◆ YOUR GOAL
Could you set down exactly the lines in the records below between the line holding "- Новинка!!! Розмотувач" and the line holding "- The Instant", inclusive?

◆ TASK DATA
_ _ _ _ _ _ _
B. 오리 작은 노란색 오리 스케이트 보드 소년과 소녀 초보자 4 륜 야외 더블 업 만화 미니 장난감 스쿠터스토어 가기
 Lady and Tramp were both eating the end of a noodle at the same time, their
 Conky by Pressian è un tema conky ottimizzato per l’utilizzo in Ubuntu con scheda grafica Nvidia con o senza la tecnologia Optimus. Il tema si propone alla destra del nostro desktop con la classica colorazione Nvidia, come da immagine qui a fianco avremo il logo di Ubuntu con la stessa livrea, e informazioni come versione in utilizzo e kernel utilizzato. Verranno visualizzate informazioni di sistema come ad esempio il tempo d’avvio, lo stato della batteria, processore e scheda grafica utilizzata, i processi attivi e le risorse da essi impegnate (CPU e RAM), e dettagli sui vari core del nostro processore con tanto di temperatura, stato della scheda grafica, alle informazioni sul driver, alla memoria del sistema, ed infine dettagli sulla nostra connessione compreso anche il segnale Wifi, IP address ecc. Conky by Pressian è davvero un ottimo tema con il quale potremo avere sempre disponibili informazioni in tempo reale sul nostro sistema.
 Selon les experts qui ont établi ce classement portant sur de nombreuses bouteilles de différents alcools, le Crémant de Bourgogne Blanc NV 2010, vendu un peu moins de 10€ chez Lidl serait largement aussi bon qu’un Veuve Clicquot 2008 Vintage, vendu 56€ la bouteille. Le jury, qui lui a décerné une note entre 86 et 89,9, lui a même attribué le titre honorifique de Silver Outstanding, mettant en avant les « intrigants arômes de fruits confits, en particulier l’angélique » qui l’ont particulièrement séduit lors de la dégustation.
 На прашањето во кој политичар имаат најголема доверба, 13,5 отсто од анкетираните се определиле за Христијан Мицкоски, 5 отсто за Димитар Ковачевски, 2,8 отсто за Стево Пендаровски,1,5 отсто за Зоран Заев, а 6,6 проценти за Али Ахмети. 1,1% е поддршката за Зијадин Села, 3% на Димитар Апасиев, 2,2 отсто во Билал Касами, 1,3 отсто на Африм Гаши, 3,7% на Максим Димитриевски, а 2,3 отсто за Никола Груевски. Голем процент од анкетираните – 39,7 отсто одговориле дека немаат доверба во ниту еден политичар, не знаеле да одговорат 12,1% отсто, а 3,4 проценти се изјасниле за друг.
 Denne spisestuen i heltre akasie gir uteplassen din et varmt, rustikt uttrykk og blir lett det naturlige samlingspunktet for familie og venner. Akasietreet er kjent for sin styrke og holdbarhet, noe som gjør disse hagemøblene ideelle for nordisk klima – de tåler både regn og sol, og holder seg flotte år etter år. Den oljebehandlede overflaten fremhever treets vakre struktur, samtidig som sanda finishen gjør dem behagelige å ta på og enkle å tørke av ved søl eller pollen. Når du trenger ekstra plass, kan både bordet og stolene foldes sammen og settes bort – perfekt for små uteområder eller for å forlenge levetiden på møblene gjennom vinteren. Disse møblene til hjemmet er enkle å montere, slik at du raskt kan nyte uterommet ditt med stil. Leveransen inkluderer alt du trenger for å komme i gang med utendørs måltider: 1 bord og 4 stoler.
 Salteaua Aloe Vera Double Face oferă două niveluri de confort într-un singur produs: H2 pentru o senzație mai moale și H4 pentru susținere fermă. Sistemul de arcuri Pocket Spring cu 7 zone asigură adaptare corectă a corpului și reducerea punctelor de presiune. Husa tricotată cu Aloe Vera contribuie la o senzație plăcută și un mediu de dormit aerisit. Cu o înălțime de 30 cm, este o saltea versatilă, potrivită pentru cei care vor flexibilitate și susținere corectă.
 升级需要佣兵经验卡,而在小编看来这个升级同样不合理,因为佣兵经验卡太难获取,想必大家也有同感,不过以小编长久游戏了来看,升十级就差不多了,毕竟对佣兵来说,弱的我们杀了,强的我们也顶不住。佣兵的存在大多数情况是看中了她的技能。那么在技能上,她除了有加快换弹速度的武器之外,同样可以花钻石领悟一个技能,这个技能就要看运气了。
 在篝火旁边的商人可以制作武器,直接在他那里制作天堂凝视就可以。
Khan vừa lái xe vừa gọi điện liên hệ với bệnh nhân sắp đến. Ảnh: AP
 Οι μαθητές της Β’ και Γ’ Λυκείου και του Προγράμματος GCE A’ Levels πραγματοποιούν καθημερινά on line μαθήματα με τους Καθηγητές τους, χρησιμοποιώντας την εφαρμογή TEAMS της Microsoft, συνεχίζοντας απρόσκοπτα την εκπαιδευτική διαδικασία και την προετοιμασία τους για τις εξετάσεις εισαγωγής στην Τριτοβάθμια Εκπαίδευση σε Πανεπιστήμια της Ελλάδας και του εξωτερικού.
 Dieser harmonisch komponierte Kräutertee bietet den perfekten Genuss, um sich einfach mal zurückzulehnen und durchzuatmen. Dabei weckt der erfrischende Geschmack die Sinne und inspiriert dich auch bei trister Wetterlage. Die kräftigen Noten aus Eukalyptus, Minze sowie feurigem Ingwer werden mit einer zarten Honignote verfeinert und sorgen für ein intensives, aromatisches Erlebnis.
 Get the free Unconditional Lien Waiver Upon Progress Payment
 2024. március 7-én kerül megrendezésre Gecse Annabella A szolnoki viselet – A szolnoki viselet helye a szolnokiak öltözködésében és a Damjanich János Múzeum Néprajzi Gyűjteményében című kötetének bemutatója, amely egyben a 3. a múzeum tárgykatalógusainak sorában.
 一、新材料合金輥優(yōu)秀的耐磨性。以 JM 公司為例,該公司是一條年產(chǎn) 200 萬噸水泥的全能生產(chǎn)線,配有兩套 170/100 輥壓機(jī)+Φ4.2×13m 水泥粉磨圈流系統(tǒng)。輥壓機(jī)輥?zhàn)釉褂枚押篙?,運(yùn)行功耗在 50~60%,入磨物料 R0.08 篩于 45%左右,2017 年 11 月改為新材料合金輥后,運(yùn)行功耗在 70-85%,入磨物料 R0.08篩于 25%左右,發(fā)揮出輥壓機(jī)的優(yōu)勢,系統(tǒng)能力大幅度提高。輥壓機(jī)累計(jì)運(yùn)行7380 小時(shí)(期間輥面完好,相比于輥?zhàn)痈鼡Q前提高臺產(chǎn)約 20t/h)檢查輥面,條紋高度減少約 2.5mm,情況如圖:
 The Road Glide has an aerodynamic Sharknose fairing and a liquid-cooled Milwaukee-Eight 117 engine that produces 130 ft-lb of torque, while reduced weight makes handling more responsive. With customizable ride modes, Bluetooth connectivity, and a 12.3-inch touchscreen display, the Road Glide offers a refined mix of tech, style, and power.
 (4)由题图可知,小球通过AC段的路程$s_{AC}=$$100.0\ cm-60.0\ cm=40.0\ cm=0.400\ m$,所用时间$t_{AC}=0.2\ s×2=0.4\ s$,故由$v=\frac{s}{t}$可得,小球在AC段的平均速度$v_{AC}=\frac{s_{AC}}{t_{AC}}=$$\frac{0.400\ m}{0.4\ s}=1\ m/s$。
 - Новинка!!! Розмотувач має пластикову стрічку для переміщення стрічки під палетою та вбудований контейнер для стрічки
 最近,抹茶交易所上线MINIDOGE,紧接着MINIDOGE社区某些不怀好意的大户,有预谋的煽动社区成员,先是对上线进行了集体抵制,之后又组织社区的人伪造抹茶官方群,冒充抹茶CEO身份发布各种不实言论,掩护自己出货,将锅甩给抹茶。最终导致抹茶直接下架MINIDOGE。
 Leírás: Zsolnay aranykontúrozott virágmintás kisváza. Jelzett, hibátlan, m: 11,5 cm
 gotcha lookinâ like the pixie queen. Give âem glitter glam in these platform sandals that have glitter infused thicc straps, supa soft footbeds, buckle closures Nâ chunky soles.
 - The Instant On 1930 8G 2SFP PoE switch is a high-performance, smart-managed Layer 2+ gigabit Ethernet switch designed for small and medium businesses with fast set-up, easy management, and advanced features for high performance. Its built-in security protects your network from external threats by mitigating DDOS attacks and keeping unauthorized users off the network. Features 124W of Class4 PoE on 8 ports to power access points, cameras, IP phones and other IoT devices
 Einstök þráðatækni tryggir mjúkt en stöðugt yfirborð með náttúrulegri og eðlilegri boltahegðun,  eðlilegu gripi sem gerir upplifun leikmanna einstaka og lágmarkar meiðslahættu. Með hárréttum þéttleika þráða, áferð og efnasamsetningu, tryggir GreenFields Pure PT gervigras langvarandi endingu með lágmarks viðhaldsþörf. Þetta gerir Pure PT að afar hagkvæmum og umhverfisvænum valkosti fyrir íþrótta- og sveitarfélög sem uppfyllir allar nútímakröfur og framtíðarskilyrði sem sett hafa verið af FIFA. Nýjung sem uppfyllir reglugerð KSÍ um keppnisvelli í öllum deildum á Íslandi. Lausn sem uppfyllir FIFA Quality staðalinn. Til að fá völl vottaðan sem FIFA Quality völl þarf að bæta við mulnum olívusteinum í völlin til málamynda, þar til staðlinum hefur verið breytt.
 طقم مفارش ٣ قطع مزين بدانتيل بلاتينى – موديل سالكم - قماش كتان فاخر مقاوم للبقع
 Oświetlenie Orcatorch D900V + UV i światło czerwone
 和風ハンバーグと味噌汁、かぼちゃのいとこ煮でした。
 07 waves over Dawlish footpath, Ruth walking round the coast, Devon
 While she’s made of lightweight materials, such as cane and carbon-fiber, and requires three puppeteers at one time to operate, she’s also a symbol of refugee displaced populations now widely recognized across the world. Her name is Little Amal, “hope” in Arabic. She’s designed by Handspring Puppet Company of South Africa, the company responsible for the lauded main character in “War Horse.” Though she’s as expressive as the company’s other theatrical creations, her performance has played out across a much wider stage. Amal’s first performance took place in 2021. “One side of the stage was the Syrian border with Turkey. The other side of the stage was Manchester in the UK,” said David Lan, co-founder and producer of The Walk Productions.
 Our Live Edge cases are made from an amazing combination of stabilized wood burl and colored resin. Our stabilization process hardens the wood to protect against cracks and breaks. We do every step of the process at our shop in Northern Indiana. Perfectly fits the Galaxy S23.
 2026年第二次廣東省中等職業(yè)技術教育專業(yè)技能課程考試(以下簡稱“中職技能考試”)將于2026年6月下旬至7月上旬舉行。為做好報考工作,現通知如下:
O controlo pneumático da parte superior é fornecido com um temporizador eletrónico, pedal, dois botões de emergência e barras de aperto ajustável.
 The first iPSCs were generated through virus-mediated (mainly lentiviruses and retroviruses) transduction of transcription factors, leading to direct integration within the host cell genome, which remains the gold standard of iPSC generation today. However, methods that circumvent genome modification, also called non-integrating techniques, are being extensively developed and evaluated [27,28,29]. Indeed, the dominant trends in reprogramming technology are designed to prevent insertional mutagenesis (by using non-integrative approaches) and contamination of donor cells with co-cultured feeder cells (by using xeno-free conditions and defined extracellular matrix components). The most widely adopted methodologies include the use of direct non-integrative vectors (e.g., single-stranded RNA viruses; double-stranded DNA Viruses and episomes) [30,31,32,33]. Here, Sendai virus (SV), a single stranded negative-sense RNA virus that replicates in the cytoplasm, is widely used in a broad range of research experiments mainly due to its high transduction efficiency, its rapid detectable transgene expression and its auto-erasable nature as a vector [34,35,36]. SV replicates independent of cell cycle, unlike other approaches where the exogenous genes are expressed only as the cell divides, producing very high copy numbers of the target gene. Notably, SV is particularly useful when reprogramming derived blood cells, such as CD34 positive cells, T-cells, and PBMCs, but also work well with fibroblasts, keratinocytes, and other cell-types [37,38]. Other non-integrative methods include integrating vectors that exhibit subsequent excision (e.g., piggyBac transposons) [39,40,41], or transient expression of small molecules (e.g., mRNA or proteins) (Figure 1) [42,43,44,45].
_ _ _ _ _ _ _
◆ EXPECTED ANSWER
 - Новинка!!! Розмотувач має пластикову стрічку для переміщення стрічки під палетою та вбудований контейнер для стрічки
 最近,抹茶交易所上线MINIDOGE,紧接着MINIDOGE社区某些不怀好意的大户,有预谋的煽动社区成员,先是对上线进行了集体抵制,之后又组织社区的人伪造抹茶官方群,冒充抹茶CEO身份发布各种不实言论,掩护自己出货,将锅甩给抹茶。最终导致抹茶直接下架MINIDOGE。
 Leírás: Zsolnay aranykontúrozott virágmintás kisváza. Jelzett, hibátlan, m: 11,5 cm
 gotcha lookinâ like the pixie queen. Give âem glitter glam in these platform sandals that have glitter infused thicc straps, supa soft footbeds, buckle closures Nâ chunky soles.
 - The Instant On 1930 8G 2SFP PoE switch is a high-performance, smart-managed Layer 2+ gigabit Ethernet switch designed for small and medium businesses with fast set-up, easy management, and advanced features for high performance. Its built-in security protects your network from external threats by mitigating DDOS attacks and keeping unauthorized users off the network. Features 124W of Class4 PoE on 8 ports to power access points, cameras, IP phones and other IoT devices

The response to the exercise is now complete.